Однако на сей раз государь был сдержан.
- Думаешь, Я всего этого не понимаю?! - легкая судорога прокатилась по его лицу. - Но вот смотри. Нынешний год указано быть цифирным школам в губернских городах, для детей приказного чина. Гаврила Иваныч, когда был указ - помнишь?
- Марта двунадесятого дня, государь Петр Алексеевич.
- Учителей поставил из навигацких воспитанников. К осени пишут: желающих учиться не обретается, даже под наказанием детей не отдают. Челобитные пошли, чтоб их от наук избавить. Это как тебе?!
Я пожал плечами:
- Черт знает что! Ладно бы крестьяне - но приказный люд пером себе хлеб добывает. Они-то почему против?
- Поди знай! Какому-нибудь дьячку алтыны платить готовы, а в казенную школу и даром не хотят! Ну, они у меня узнают, как своевольничать!
Мне на мгновение стало жаль врагов просвещения.
- Может, подумать о привилегиях для грамотных? В податях льготу учинить или...
- Баловство и вздор. Да и какие подати у служилых людей? Прикажу - будут учиться.
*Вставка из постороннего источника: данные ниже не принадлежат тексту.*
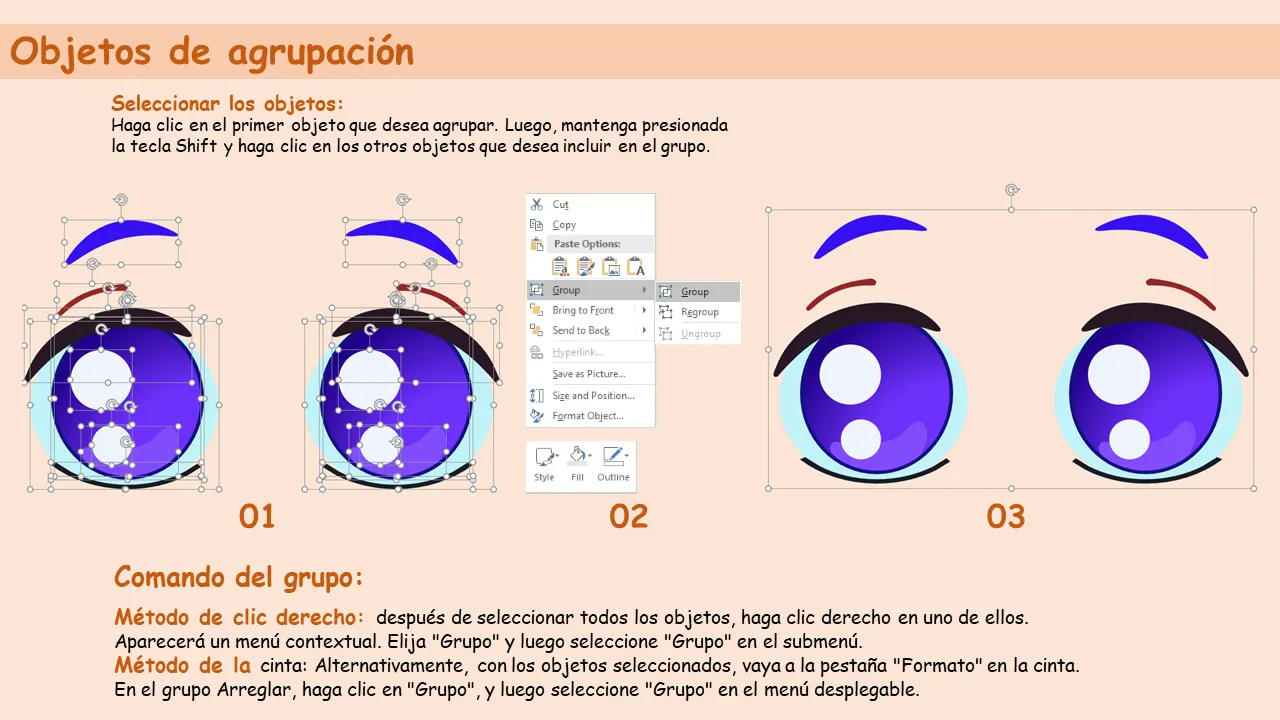 - Compatible con herramientas de edición de PowerPoint estándar que incluyen agrupación con el botón derecho y comandos de cinta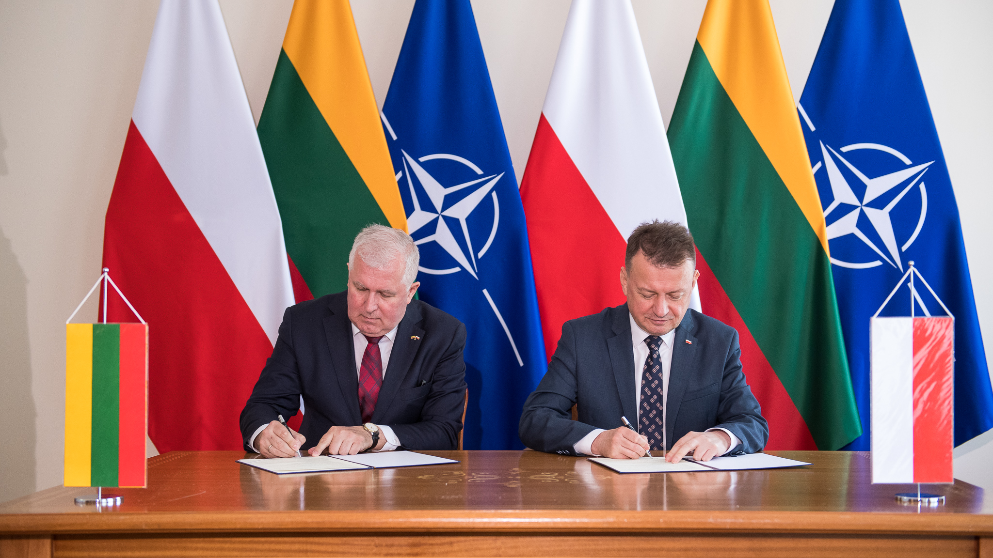 Po rozmowach plenarnych ministrowie obrony Polski i Litwy podpisali wspólne stanowisko dotyczące rozwoju dalszej współpracy wojskowej na rzecz bezpieczeństwa.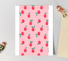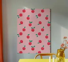Morbide pesche maturate al sole con accenti verdi e frondosi spiccano su uno sfondo rosa rosato in questo affascinante disegno dipinto a mano. Evocando calde brezze e giornate di frutteto, questo disegno fruttato è perfetto per aggiungere un tocco dolce ed estivo a qualsiasi spazio. Ideale per cucine, camere da letto o interni giocosi, questa opera d'arte è una delizia succosa per gli amanti della frutta e per gli appassionati di arredamento moderno.

- И мне прикажите, Ваше Величество!
- Тебе-то куда больше?!
- Я учился много, но все не тому, что государственному человеку надобится. С порохом и железом дружу, воинские регламенты знаю, а вот законы и правила, относящиеся до гражданского правления - для меня лес темный. Поручено мне Вашего Царского Величества указом Богородицкую провинцию ведать. Осмелюсь заметить, у крепости ныне изрядные слободы выросли. Люди, в них обитающие, армейским распорядкам не подчинены. Московские переселенцы подлежат Соборному уложению, малороссияне - Литовскому статуту, молдаване - уложению господаря Василия Лупу. А живут вперемешку. Всякий казус норовят толковать по такому закону, который больше нравится. Пуще того, оные кодексы позднейшими указами часто до неузнаваемости изменены, сводки же изменений взять негде. По сим веским причинам положение с законностью печально, чтобы не сказать хуже. Дабы избежать хаоса, коменданту Козину приходится решать дела просто по своему разумению. Хотя человек отменно умный, постоянно жалуется, что избежать упреков в нарушении прав обывателей не умеет. Равномерно и я, по своему юридическому невежеству, не знаю, как дело исправить...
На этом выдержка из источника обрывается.